Who Owns The Rights To Employee Inventions? | JD Supra

Who Owns The Rights To Employee Inventions? | JD Supra

One question we commonly hear from inventors is whether they have ownership rights to a patentable idea they conceived while working for a company. The answer can be quite tricky.

“The general rule is that an individual owns the patent rights to the subject matter of which he is an inventor, even though he conceived it or reduced it to practice in the course of his employment.” Banks v. Unisys Corp., 228 F.3d 1357, 1359 (Fed. Cir. 2000). But there is an exception for express or implied agreements to assign the patent rights.[1] Id. If an employment contract expressly specifies the intellectual property rights of inventions conceived by an employee, it is straightforward that the provision will likely control.

The more difficult situation arises when an employment contract is silent as to intellectual property rights. Under the “hired-to-invent” doctrine,[2] if “an employee is hired to invent something or solve a particular problem, the property of the invention related to this effort may belong to the employer.” Id.

In contrast, an employment contract will not be construed to require an assignment of patent rights if one’s employment is general to a field of labor and the invention was conceived of in the performance of the work within this field. United States v. Dubilier Condenser Corp., 289 U.S. 178, 187–88 (1933). However, “[e]ven if hired for a general purpose, an employee with the specific task of developing a device or process may cede ownership of the invention from that task to the employer.” Teets v. Chromalloy Gas Turbine Corp., 83 F.3d 403, 408 (Fed. Cir. 1996).

For example, in Teets, the Federal Circuit held that an employer owned the rights to an employee’s invention based on an implied-in-fact contract even though the employee had no written agreement as to the assignment of intellectual property rights. 83 F.3d 403, 405, 409 (Fed. Cir. 1996).

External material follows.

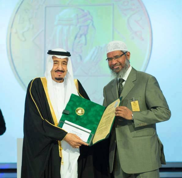 ரியாத்தில் இடம்பெற்ற கிங் பைசல் விருது வழங்கும் விழாவில் சவூதி மன்னர் சல்மான் இப்னு அப்துல் அஜிஸ் அவர்களினால் இந்தியாவை சேர்ந்த DR ஜாகிர் நாயக்கிற்கு விருது வழங்கி கெளரவிக்கப்பட்டார்!
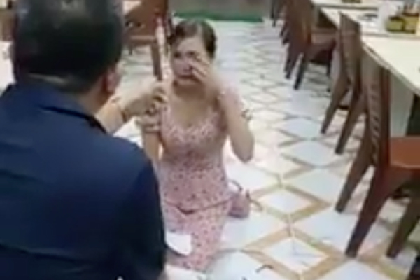 Chị H. bị bắt quỳ gối ở quán nướng Hiền Thiện.

The Supreme Court reached an opposite result in Dubilier Condenser, holding that the federal government did not own the rights to patents conceived by two employees during their period of employment in the radio laboratories of the Bureau of Standards. 289 U.S. 178 at 182, 193. The patents concerned the use of alternating current in broadcast receiving sets, while the inventors were employed to research the use of radio in airplanes. Id. at 182. The Supreme Court ruled that it was not enough that the inventions were in the general field of the inventors’ research. Id. at 193. Instead, the Supreme Court held that the government merely had shop rights to the inventions (i.e., a non-exclusive license to use the technology). Id.

An employment contract may also not be construed to require an assignment of patent rights under the hired-to-invent doctrine if facts exist that negate an implied assignment. In Banks, the Federal Circuit reversed a district court’s grant of summary judgment that an employee assigned patent rights to his employer under the hired-to-invent doctrine. Banks, 228 F.3d at 1360. The employee invented various camera optics technologies that the employer patented. Id. at 1358. Critically, the employee never signed the employer’s intellectual property agreements and the employer failed to pursue the issue. Id. at 1360. The court interpreted the employer’s conduct as acquiescing to the employee’s refusal to sign the agreements. Id.

The hired-to-invent analysis may also vary from state to state. Compare Speck v. N.C. Dairy Found., Inc., 311 N.C. 679, 686 (1984) (“The fruit of the labor of one who is hired to invent, accomplish a prescribed result, or aid in the development of products belongs to the employer absent a written contract to assign.”), with Teets, 83 F.3d at 407 (“[A] Florida employer can not claim ownership of an employee’s invention ‘unless the contract of employment by express terms or unequivocal inference shows that the employee was hired for the express purpose of producing the thing patented.’”).

The best course is always to clearly specify ownership of intellectual property rights in an employment relationship before any intellectual property is developed. Otherwise, the question of who owns the rights to employee inventions can get very complicated.

[1] Trade secret rights can also be contractually assigned. E.g., Pullman Grp., LLC. v. Prudential Ins. Co., 733 N.Y.S.2d 1, 2 (App. Div. 1st Dept. 2001).

[2] The “hired-to-invent” doctrine is also sometimes referred to as the “employed-to-invent” doctrine.